= WHAT IS NEEDED =
Scan the entries for the word "while" and report how many lines contain it, as a number with no other words.

== == ==

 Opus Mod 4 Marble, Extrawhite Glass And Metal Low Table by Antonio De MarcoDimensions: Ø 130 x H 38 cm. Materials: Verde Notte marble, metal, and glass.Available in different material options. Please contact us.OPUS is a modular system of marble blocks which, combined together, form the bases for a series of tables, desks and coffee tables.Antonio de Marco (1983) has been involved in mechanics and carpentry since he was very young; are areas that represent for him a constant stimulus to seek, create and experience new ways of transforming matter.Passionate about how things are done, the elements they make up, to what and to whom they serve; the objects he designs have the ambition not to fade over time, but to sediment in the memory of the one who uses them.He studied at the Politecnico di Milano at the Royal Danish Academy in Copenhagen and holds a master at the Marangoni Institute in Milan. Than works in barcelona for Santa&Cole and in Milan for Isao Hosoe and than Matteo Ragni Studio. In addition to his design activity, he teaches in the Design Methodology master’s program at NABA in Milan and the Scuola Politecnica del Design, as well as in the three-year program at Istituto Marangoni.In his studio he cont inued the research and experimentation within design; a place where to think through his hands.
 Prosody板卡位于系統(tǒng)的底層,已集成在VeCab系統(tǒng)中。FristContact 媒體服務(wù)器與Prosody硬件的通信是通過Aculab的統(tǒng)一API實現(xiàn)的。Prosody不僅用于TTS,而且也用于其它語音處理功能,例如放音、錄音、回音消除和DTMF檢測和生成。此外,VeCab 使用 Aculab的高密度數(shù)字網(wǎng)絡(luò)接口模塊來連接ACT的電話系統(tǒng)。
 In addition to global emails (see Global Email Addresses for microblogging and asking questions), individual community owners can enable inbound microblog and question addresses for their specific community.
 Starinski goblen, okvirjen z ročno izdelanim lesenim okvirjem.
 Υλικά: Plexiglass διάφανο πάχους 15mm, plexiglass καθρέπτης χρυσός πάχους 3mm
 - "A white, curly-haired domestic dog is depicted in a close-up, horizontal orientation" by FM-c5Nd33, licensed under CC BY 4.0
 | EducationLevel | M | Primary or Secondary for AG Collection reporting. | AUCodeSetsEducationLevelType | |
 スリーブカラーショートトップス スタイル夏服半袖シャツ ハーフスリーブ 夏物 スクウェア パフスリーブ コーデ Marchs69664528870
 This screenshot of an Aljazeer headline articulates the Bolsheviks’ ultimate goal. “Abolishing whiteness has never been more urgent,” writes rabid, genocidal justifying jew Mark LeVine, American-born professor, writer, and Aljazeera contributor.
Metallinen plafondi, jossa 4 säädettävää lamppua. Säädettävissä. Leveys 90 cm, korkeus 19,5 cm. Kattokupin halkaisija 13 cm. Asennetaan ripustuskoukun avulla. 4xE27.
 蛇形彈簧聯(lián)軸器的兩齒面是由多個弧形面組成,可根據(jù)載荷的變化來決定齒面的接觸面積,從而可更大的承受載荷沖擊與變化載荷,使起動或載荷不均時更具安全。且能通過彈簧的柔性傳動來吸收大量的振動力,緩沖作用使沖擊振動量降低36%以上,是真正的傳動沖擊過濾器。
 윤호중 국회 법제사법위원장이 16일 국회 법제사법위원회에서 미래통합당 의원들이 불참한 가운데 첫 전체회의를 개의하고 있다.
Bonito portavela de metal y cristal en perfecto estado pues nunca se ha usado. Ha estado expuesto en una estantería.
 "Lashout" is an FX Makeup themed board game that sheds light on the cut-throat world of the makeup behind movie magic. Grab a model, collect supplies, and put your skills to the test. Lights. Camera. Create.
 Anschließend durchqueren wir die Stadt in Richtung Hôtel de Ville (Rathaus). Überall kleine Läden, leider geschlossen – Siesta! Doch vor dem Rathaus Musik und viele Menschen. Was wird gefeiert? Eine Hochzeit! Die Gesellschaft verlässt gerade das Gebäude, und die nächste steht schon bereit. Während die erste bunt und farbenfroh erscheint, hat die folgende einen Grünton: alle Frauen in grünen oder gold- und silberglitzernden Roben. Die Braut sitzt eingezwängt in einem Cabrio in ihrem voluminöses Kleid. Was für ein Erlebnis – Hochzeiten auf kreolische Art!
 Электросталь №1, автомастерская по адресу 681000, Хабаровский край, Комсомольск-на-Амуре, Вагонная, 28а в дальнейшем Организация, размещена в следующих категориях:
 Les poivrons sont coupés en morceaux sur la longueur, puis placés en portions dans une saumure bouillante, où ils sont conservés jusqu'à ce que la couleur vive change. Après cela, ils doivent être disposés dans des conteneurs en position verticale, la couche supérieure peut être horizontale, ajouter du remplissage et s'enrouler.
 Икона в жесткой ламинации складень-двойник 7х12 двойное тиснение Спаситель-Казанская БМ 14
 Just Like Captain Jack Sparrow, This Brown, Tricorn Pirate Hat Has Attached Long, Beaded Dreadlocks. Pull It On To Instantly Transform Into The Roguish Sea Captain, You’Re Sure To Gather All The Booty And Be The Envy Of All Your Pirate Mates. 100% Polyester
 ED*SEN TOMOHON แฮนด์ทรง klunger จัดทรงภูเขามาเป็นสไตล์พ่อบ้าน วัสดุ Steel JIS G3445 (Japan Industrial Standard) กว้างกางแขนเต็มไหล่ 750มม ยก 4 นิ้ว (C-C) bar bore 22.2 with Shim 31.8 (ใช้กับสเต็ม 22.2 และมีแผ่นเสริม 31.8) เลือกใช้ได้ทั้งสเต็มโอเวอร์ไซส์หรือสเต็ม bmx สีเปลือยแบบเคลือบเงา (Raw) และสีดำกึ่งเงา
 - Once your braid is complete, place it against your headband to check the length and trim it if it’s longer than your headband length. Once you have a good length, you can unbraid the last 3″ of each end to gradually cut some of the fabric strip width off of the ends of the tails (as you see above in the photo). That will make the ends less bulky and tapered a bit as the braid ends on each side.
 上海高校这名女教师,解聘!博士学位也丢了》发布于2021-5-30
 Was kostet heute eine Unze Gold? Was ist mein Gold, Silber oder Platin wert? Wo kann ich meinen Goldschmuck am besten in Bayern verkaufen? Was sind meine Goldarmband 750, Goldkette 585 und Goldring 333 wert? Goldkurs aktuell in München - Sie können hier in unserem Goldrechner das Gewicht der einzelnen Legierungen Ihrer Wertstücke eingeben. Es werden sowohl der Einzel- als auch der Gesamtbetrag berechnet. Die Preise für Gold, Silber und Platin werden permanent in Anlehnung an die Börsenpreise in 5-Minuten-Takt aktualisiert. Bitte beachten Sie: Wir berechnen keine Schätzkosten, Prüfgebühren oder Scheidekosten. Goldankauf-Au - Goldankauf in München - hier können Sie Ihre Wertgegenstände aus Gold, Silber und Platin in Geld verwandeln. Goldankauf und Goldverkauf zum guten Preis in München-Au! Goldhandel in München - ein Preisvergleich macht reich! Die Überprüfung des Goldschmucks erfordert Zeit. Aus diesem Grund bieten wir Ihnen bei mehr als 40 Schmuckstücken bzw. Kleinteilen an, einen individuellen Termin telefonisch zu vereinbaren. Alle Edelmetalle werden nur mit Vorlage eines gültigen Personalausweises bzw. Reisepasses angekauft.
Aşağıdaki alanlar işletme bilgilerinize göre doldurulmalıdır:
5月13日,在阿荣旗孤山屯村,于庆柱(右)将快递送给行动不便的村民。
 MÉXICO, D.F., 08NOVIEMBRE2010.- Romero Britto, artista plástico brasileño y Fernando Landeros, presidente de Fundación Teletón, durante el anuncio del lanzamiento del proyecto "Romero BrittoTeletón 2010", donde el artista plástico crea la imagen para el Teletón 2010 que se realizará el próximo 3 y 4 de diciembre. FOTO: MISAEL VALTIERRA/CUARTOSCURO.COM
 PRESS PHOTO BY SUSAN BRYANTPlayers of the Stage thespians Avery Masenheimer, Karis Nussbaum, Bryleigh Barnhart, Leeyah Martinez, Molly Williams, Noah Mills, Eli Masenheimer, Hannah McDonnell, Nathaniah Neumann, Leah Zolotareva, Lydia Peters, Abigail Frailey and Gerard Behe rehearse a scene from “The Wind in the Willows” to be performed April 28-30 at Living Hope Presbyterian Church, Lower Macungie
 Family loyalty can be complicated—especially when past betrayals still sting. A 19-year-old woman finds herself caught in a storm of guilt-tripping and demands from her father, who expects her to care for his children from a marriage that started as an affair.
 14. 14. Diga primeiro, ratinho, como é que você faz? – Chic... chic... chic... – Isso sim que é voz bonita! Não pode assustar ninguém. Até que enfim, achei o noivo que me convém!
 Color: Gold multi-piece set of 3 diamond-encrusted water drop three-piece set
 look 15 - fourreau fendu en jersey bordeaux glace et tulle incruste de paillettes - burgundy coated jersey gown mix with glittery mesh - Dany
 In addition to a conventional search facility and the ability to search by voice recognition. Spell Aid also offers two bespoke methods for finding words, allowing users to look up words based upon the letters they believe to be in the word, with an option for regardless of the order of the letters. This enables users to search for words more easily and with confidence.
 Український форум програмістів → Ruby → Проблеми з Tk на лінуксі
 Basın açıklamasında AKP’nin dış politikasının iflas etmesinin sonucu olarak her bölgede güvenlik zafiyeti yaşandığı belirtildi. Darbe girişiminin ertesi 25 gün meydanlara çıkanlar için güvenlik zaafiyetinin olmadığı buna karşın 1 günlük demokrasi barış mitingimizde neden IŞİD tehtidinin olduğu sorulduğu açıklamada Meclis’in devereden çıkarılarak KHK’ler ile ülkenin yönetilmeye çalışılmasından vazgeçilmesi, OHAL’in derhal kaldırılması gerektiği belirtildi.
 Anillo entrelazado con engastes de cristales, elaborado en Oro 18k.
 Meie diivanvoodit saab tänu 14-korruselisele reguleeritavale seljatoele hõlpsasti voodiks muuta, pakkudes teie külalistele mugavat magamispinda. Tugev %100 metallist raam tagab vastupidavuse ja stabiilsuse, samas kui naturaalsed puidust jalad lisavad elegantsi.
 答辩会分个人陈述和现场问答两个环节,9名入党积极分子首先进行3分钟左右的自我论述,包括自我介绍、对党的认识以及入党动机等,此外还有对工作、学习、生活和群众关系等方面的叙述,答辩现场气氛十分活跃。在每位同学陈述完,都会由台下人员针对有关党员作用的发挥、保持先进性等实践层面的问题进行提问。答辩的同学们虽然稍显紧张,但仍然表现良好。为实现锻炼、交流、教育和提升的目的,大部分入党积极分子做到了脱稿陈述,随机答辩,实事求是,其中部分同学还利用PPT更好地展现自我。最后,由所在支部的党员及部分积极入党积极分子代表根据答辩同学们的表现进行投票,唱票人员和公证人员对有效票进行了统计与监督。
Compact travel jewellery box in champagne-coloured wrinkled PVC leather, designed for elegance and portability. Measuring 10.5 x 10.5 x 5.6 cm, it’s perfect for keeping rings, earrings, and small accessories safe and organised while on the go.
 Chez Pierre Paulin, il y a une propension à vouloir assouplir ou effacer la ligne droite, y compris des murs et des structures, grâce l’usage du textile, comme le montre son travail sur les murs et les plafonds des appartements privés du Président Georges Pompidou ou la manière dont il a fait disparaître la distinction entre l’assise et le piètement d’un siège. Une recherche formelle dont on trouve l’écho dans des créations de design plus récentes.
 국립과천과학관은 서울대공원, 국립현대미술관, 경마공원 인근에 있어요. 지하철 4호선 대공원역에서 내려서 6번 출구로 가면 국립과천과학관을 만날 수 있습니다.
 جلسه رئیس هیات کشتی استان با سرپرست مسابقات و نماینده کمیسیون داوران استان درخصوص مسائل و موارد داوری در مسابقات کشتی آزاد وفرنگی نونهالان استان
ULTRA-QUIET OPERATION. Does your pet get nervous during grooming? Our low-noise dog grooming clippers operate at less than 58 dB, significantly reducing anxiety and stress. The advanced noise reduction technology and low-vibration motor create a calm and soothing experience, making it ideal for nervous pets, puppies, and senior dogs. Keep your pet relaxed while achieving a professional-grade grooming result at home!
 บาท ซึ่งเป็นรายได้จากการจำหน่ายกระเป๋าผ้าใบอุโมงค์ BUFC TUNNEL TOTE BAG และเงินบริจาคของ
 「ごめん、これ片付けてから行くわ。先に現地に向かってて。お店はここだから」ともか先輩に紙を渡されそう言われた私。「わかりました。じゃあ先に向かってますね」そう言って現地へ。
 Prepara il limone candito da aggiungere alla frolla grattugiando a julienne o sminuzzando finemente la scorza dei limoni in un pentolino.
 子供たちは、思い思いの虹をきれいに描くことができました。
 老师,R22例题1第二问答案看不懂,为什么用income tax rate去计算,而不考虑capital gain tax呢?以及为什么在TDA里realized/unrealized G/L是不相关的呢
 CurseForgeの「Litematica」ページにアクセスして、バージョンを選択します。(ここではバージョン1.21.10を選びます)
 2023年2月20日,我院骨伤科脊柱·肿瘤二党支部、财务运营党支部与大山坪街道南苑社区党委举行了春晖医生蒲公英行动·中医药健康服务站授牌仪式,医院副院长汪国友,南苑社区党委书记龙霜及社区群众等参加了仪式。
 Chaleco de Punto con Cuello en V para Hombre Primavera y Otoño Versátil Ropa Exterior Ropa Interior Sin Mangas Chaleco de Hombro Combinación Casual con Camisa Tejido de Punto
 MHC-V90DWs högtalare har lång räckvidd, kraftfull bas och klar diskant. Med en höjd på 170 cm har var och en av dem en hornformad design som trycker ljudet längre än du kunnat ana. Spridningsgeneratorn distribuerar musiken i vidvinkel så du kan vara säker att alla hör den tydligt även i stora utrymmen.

== == ==

= OUTPUT BELOW =
2